AVAILABLE DATA:
((
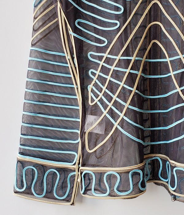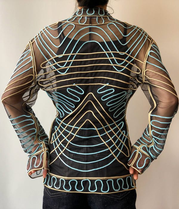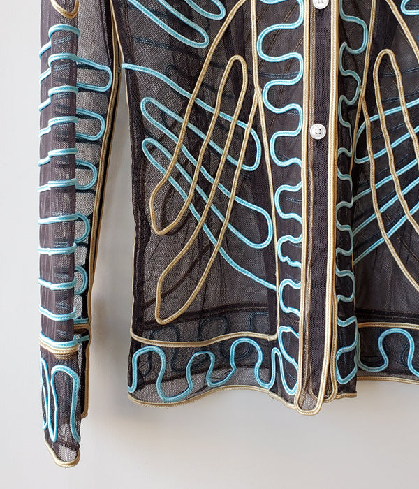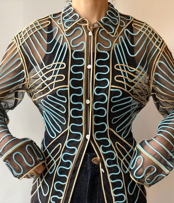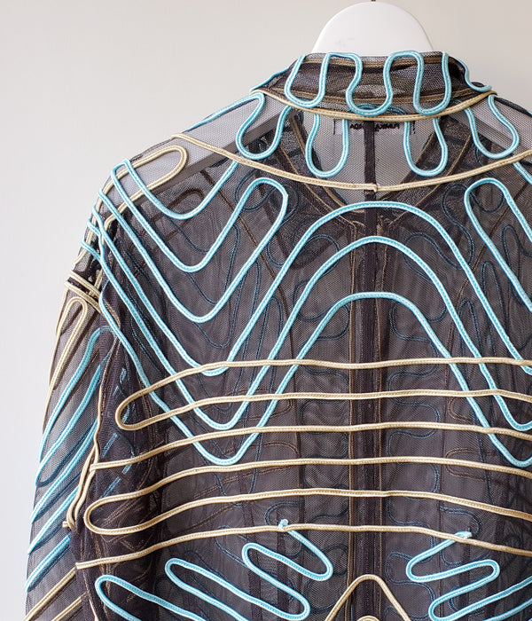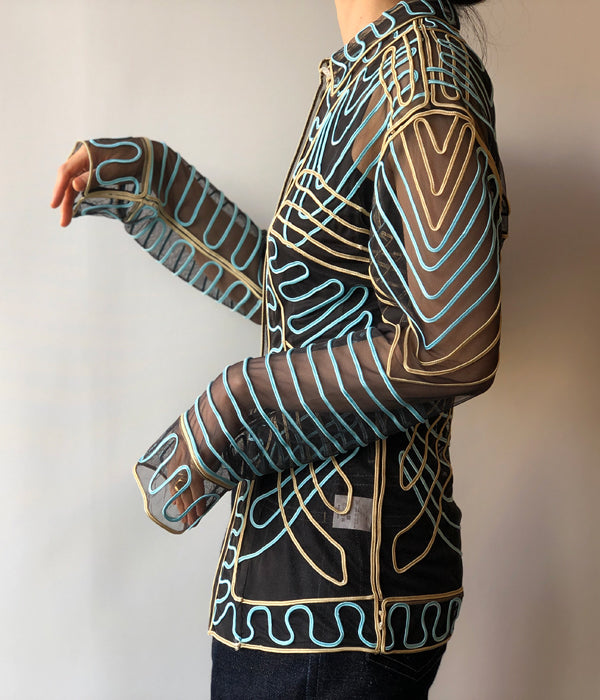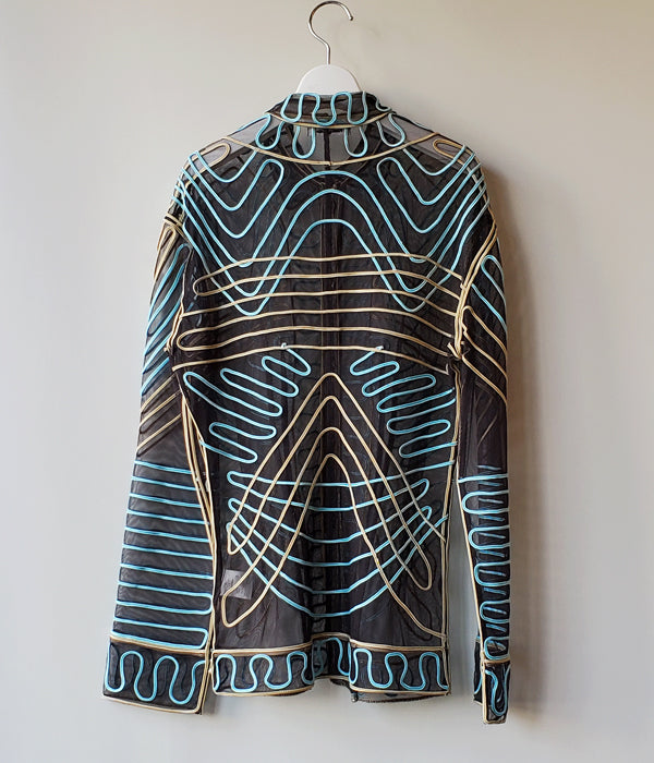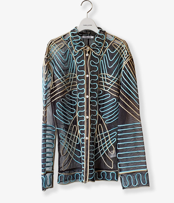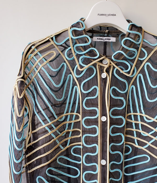 FUMIKA_UCHIDAからSOUTACHE BLOUSEが入荷しました。柔らかく肌当たりの良いチュールをベースに体のラインを強調するような幾何学的な柄のコード刺繍が特徴的なブラウス。ひと続きに刺繍を入れるため機械刺繍と手刺繍を組合せる、高度な技術が用いられています。オーバーショルダーから極端に絞られたウエストが特徴的で、一番下のボタン以外を留めて着ることで立体感のあるシルエットに。ネオンサインのような刺繍の柄を生かしたコーディネートを楽しみたい一枚です。
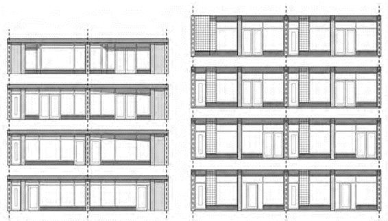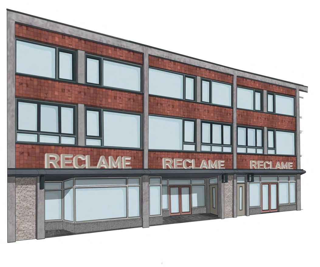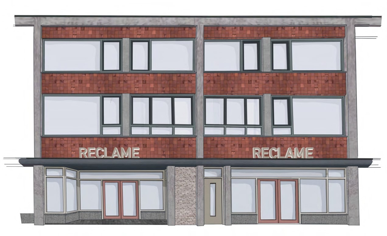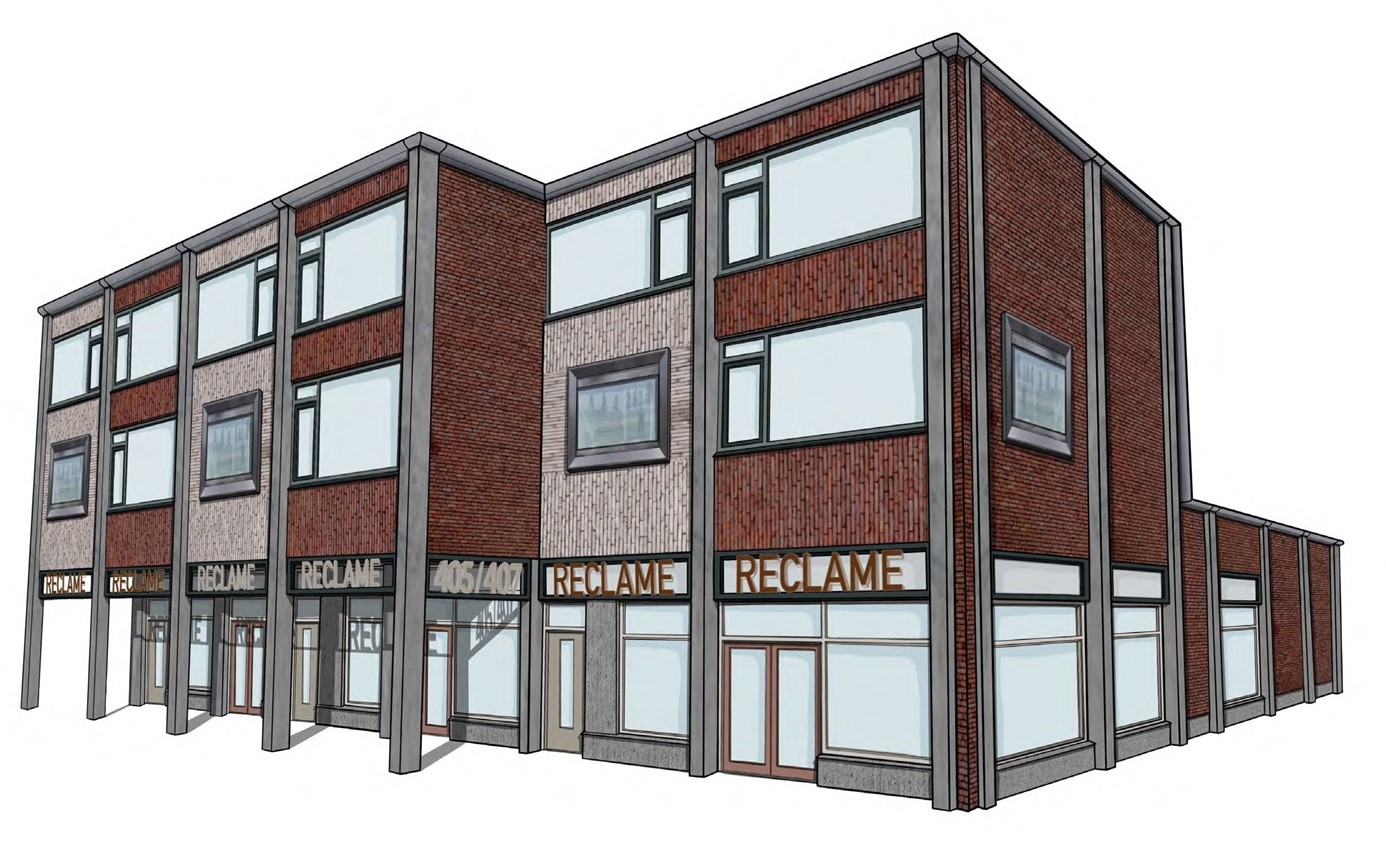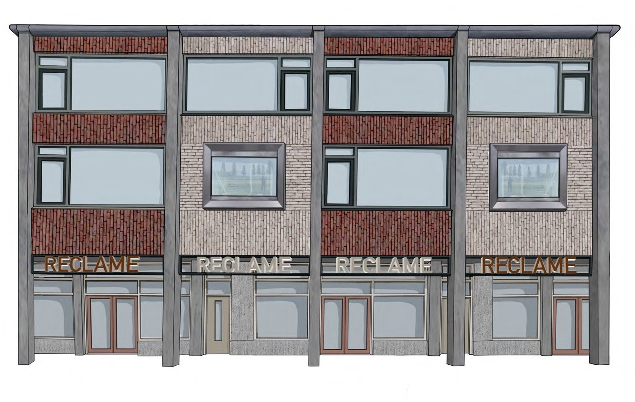 De arcade van de winkelplint blijft intact. De enkele meters terugliggende winkelpuien en woningentrees blijven op hun plek, ook hier zullen de winkelgevels – net als bij het eerste blok – pandsgewijs onderling prima kunnen verschillen qua maat, deuropeningen en positie, maar qua materialisering en kleuren identiek worden uitgevoerd.
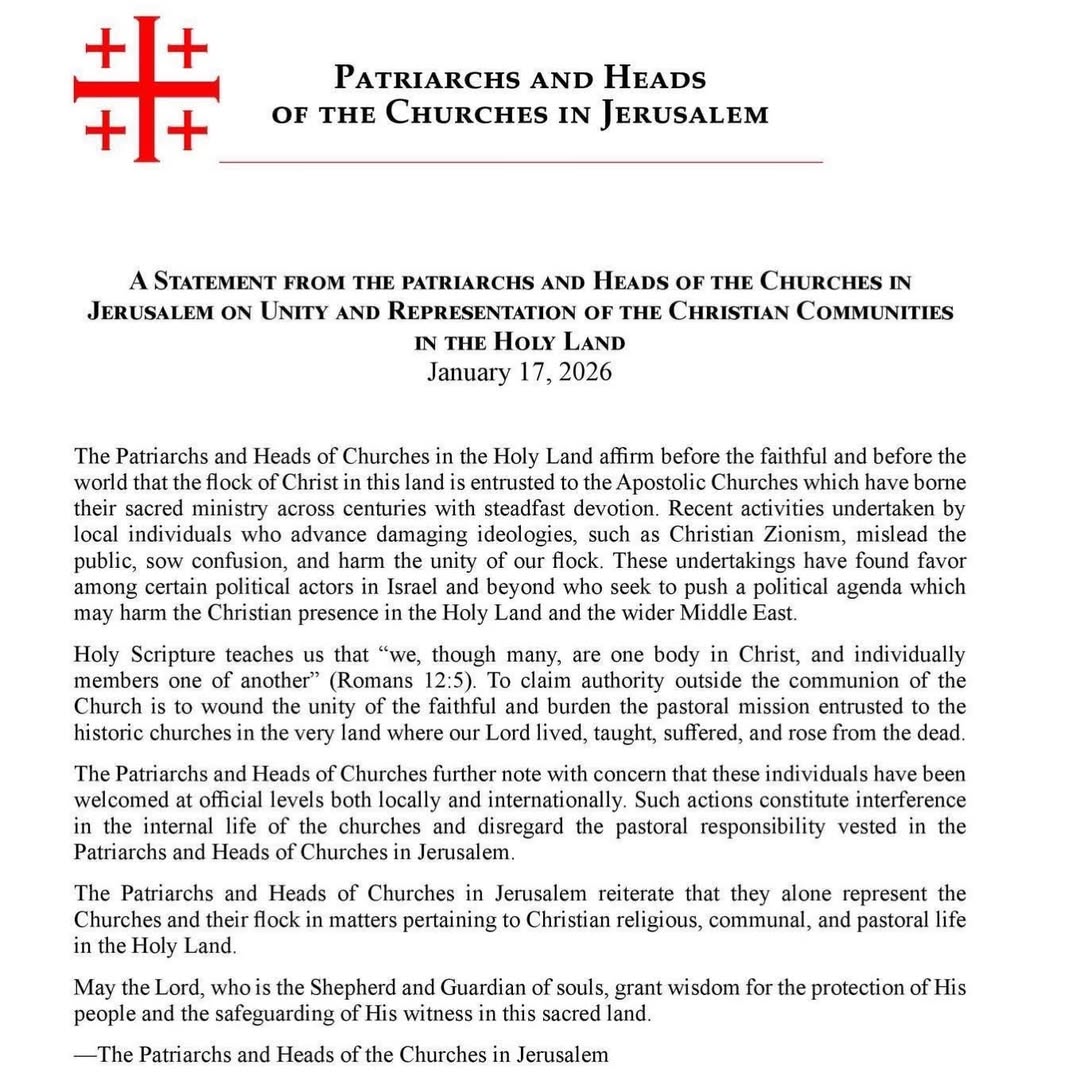 The Patriarchs and Heads of Churches in the Holy Land affirmed in a statement released on Saturday that recent activities by local individuals advancing “damaging ideologies, such as Christian Zionism”, which mislead the public, sow confusion, and harm the unity of our flock.
))
Once the pictures are set aside, repeat the data above exactly as written.

SOLUTION BELOW:
 FUMIKA_UCHIDAからSOUTACHE BLOUSEが入荷しました。柔らかく肌当たりの良いチュールをベースに体のラインを強調するような幾何学的な柄のコード刺繍が特徴的なブラウス。ひと続きに刺繍を入れるため機械刺繍と手刺繍を組合せる、高度な技術が用いられています。オーバーショルダーから極端に絞られたウエストが特徴的で、一番下のボタン以外を留めて着ることで立体感のあるシルエットに。ネオンサインのような刺繍の柄を生かしたコーディネートを楽しみたい一枚です。
 De arcade van de winkelplint blijft intact. De enkele meters terugliggende winkelpuien en woningentrees blijven op hun plek, ook hier zullen de winkelgevels – net als bij het eerste blok – pandsgewijs onderling prima kunnen verschillen qua maat, deuropeningen en positie, maar qua materialisering en kleuren identiek worden uitgevoerd.
 The Patriarchs and Heads of Churches in the Holy Land affirmed in a statement released on Saturday that recent activities by local individuals advancing “damaging ideologies, such as Christian Zionism”, which mislead the public, sow confusion, and harm the unity of our flock.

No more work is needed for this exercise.